Here we present some interesting findings. More insights can be found in our publications.
We classify the remote hosts accessed by our users as servers, P2P users, and unauthorized devices. While servers account for 93% of traffic, P2P hosts—77% of remote hosts—contribute only 5% of traffic but 47% of total flow duration, reflecting usage like file sharing and video calls. Unauthorized devices are observed frequently, accounting for many scanning flows.
We analyzed which organizations serve traffic to our users and found that a few major providers dominate. While Cloudflare hosts 19% of domains, it only serves 2% of traffic, suggesting those sites are smaller or less frequently visited. In contrast, Google, Amazon, and video-focused CDNs like Akamai and Fastly contribute significantly more traffic volume.

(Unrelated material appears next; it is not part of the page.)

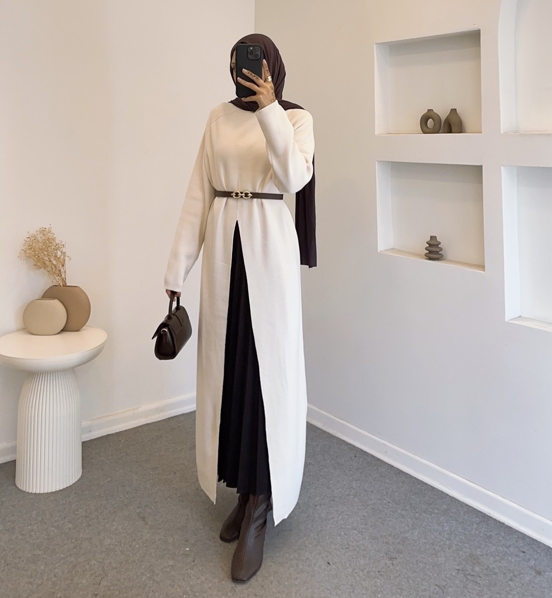 14419 yırtmac detay elbise - Taş

This Sankey diagram also demonstrates how traffic flows from our residential users to major service providers. For better visualization, our Sankey diagram only depicts Columbia providers and the organizations of remote hosts that account for more than 1.2% of traffic. Amazon directly peers with the university and carries 9% of user traffic. Netflix accounts for 6%, served through off-net caches hosted by NYSERNet, a regional research network. All other traffic goes through one of Columbia's providers, with much of it from/to popular clouds, CDNs, and content providers.
For each of the 100 highest volume services, we calculate the gap between the propagation delay (and distance) to its nearest server and the overall propagation delay (and distance) with each of its servers weighted by the bytes delivered and received. In this figure, we plot the CCDF of services with respect to these gaps. We find that 19% of these services have a latency gap of at least 10 ms; 11% have a distance gap of at least 10ms, meaning that their traffic travels an additional 1000 km each direction on average, compared to the closest remote host. This finding suggests that although deployments are widespread and mappings can be near optimal, a noticeable volume of traffic still flows to/from distant remote hosts. These examples indicate that the services may prioritize other measures over serving users locally or be limited by other factors.

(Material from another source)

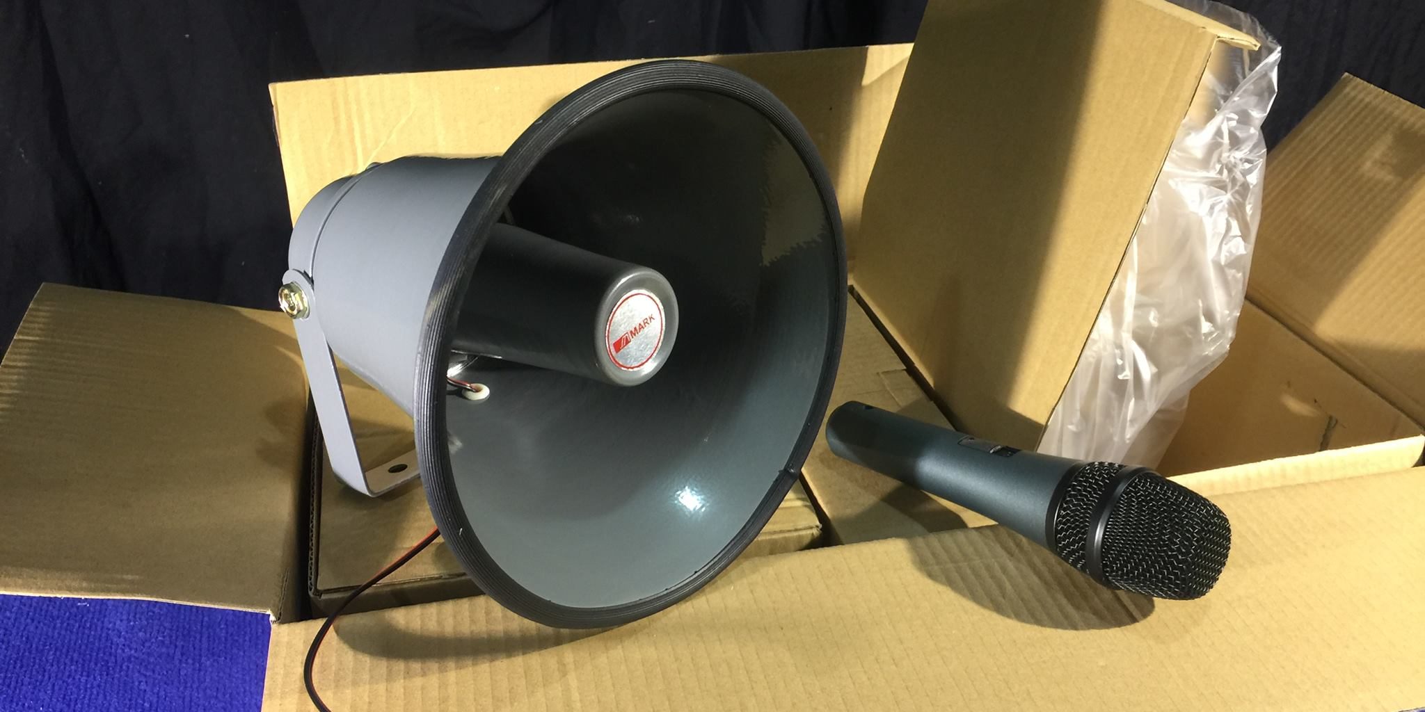 – Se vende set de megafonía compuesto por dos bocinas, amplificador y micrófono.

We evaluate service popularity using four metrics: traffic volume, flow count, flow duration, and DNS activity. These metrics often highlight different top services—for instance, iCloud generates less traffic than YouTube but has three times the flow duration. We also find notable usage differences between resident types: graduate students favor YouTube, Hulu, and Instagram, while faculty and families use more Netflix, iCloud, and Playstation. These patterns show that service usage varies both by measurement method and user demographic, even within a single university community.